Add split_ascii_whitespace to [u8]?

str and [u8] share a bunch of *ascii* methods. There is (at least?) one exception: str::split_ascii_whitespace was stabilized in 1.34, but does not exist in [u8], which seems like an oversight. It's not difficult to work around with split(is_ascii_whitespace), but might warrant addition for consistency. There's also the gotcha that you have to remember to filter out empty subslices to get the same semantics. The str implementation already works on bytes internally:

pub fn split_ascii_whitespace(&self) -> SplitAsciiWhitespace<'_> {
    let inner = self.as_bytes()
        .split(IsAsciiWhitespace)
        .filter(BytesIsNotEmpty)
        .map(UnsafeBytesToStr);
    SplitAsciiWhitespace { inner }
}

This method is useful for ad-hoc parsers of possibly-non-utf8 text. It (and split_whitespace) is similarly missing from ByteStr, and could be added to that as well.

I'd suggest filing an ACP.

Note that this method (with a different name) exists in bstr: ByteSlice in bstr - Rust

1 Like

Should this be a method on [Char]?

Yes, probably. But as of now [Char] doesn't yet have any own methods I think (Edit after checking: besides as_str and as_bytes).

Kind of seems like it should be a default method on Split + Seq<IsAsciiable>. But rust doesn't really have an organizational abstraction that helps with that beyond "absolute pile of traits".

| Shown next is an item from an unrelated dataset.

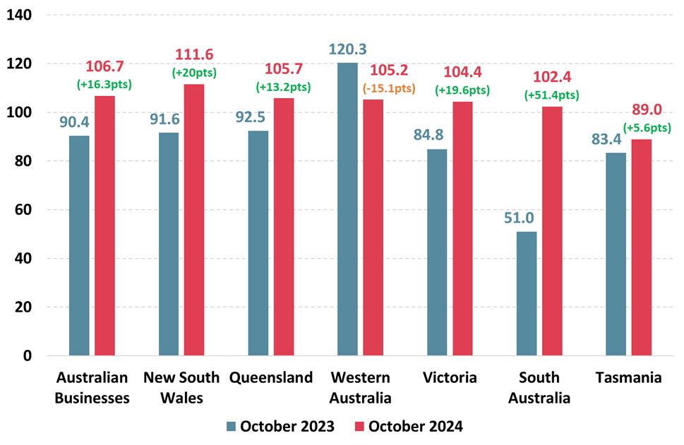 Business Confidence for the month of October increased significantly on a month ago (up 12.4pts) and up by even more on a year ago, up 16.3pts on October 2023. The increase in Business Confidence from a year ago has been driven by large increases in States of New South Wales, Victoria, Queensland and South Australia with increases by at least 10 points.

That's a separate issue. You may have data in unspecified ASCII-superset encoding, or even UTF-8, but want to split it first to avoid converting/validating the whole string.

1 Like

Good luck optimizing that.

But then splitting on ASCII whitespaces doesn't make much sense: for instance, in latin-1 encoding 0x85 is whitespace ("next line").

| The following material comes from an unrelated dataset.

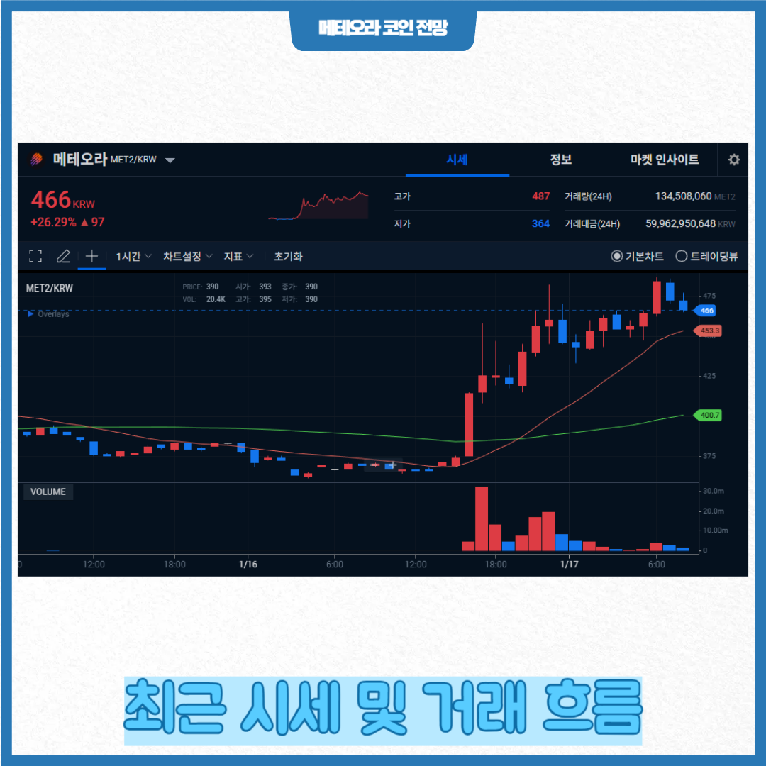 2025년 하반기 이후 메테오라 코인은 국내외 주요 거래소에 상장되며 직접적인 시세 움직임을 보였습니다. 상장 직후에는 가격 상승세가 관찰되기도 했지만, 이후 조정 국면으로 약세 흐름이 나타났다는 보도도 있습니다.

But this proposed method would do just that: split byte soup text on ASCII whitespaces. u8 already has is_ascii_whitespace, used by the str implementation, which already works on [u8] behind the curtains.

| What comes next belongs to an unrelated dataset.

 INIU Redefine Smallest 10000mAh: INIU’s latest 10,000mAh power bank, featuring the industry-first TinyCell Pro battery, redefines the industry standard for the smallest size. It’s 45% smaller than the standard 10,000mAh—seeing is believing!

My present use case is parsing Wavefront .OBJ files, but there are of course many, many textual file formats made of fields separated by ASCII whitespace where you don't want to needlessly assume encoding beyond "ASCII superset".

1 Like

It makes sense because the encoding isn't always known (when searching files, for example, it's rarely known) and you may prioritize performance above other things. See the crate docs for bstr and my write-ups on motivation from a conceptual perspective and performance perspective. These use different examples than "split on ASCII whitespace," but the same ideas apply.

Opened an ACP.